------ INFORMATION SHOWN ------

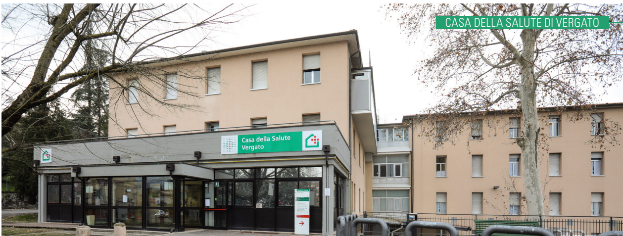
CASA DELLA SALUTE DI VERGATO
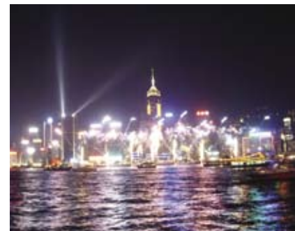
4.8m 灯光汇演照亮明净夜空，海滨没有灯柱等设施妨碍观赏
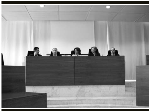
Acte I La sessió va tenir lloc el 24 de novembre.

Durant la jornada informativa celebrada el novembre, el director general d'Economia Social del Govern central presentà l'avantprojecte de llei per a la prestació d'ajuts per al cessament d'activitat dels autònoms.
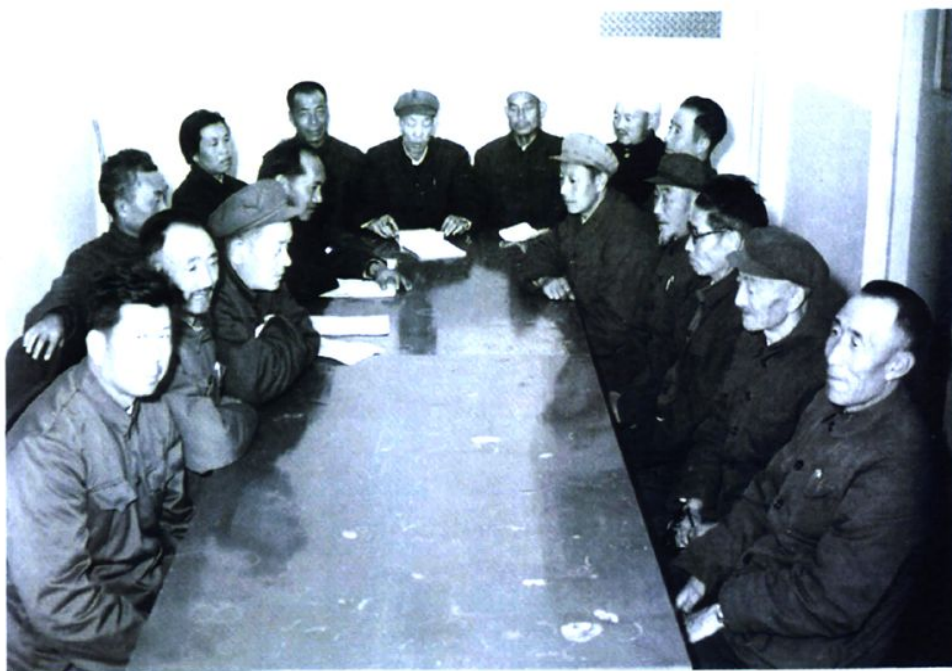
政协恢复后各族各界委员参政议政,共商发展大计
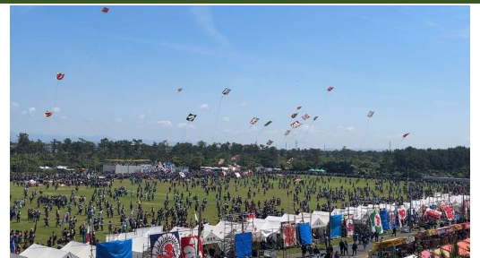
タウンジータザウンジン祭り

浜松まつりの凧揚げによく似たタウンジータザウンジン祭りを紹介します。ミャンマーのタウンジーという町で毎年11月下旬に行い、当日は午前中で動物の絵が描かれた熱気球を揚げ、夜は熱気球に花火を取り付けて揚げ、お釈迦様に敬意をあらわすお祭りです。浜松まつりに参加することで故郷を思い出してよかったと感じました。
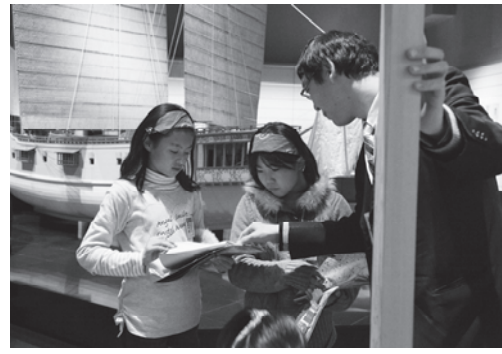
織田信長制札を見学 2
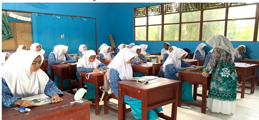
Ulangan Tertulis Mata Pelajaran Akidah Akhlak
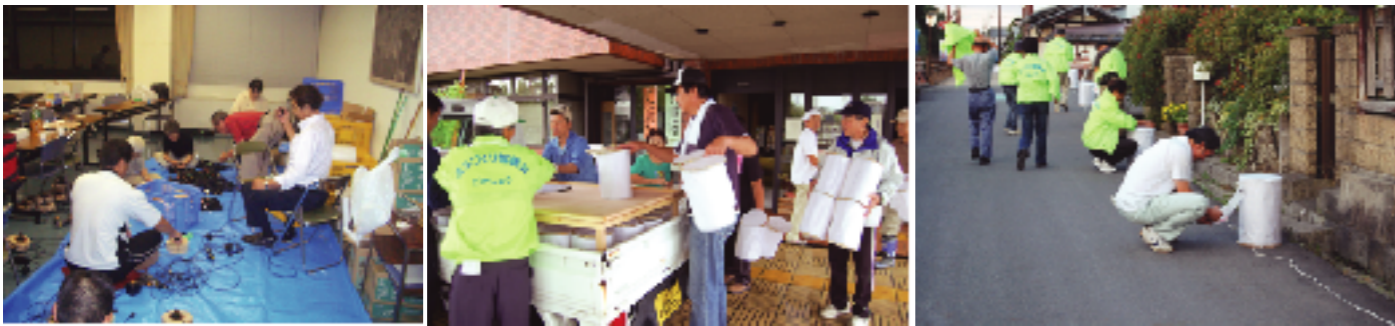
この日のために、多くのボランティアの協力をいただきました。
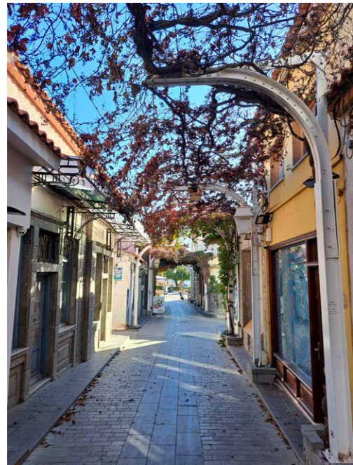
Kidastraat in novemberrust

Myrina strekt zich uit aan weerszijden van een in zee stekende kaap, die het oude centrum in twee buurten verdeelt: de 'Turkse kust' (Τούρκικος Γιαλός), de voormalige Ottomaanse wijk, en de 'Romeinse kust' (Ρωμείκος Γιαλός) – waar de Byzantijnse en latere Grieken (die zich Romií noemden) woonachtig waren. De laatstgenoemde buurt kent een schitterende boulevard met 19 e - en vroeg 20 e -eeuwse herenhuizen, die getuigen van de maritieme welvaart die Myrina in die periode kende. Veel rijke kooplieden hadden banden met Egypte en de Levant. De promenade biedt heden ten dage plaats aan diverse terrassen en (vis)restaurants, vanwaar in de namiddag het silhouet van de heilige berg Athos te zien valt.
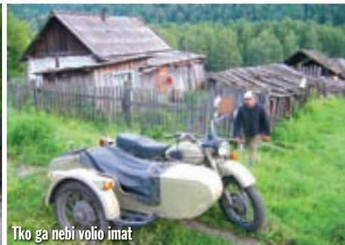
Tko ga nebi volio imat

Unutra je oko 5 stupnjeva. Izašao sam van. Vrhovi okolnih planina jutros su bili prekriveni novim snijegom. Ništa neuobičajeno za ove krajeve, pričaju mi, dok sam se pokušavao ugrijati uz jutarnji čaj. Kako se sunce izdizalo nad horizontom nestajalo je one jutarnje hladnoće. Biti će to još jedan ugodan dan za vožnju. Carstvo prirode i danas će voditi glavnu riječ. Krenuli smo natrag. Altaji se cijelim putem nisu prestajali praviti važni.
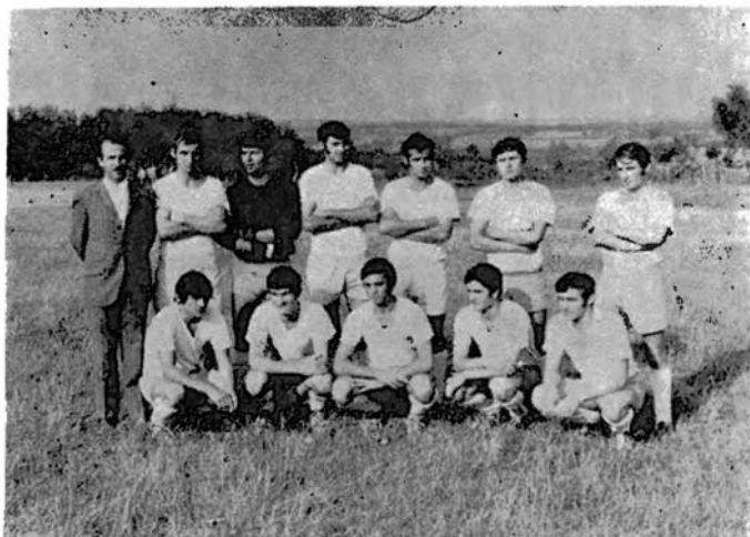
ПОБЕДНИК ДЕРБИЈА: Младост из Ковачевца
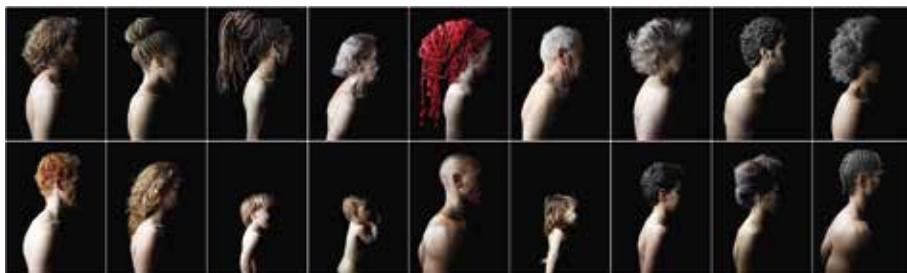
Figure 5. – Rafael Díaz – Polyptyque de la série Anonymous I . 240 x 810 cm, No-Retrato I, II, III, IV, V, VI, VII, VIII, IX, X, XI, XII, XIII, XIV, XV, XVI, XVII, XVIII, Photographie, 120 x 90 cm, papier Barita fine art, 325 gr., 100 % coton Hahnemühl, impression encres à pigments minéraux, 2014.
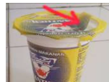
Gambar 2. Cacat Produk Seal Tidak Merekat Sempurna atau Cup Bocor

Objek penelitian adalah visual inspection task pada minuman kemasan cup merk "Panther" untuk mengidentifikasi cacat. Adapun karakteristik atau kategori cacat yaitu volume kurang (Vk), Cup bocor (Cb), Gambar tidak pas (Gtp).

------

Reproduce only the lines of the records from the start up to and including the line that holds "Kidastraat in novemberrust"; do not carry over any picture.

CASA DELLA SALUTE DI VERGATO
4.8m 灯光汇演照亮明净夜空，海滨没有灯柱等设施妨碍观赏
Acte I La sessió va tenir lloc el 24 de novembre.

Durant la jornada informativa celebrada el novembre, el director general d'Economia Social del Govern central presentà l'avantprojecte de llei per a la prestació d'ajuts per al cessament d'activitat dels autònoms.
政协恢复后各族各界委员参政议政,共商发展大计
タウンジータザウンジン祭り

浜松まつりの凧揚げによく似たタウンジータザウンジン祭りを紹介します。ミャンマーのタウンジーという町で毎年11月下旬に行い、当日は午前中で動物の絵が描かれた熱気球を揚げ、夜は熱気球に花火を取り付けて揚げ、お釈迦様に敬意をあらわすお祭りです。浜松まつりに参加することで故郷を思い出してよかったと感じました。
織田信長制札を見学 2
Ulangan Tertulis Mata Pelajaran Akidah Akhlak
この日のために、多くのボランティアの協力をいただきました。
Kidastraat in novemberrust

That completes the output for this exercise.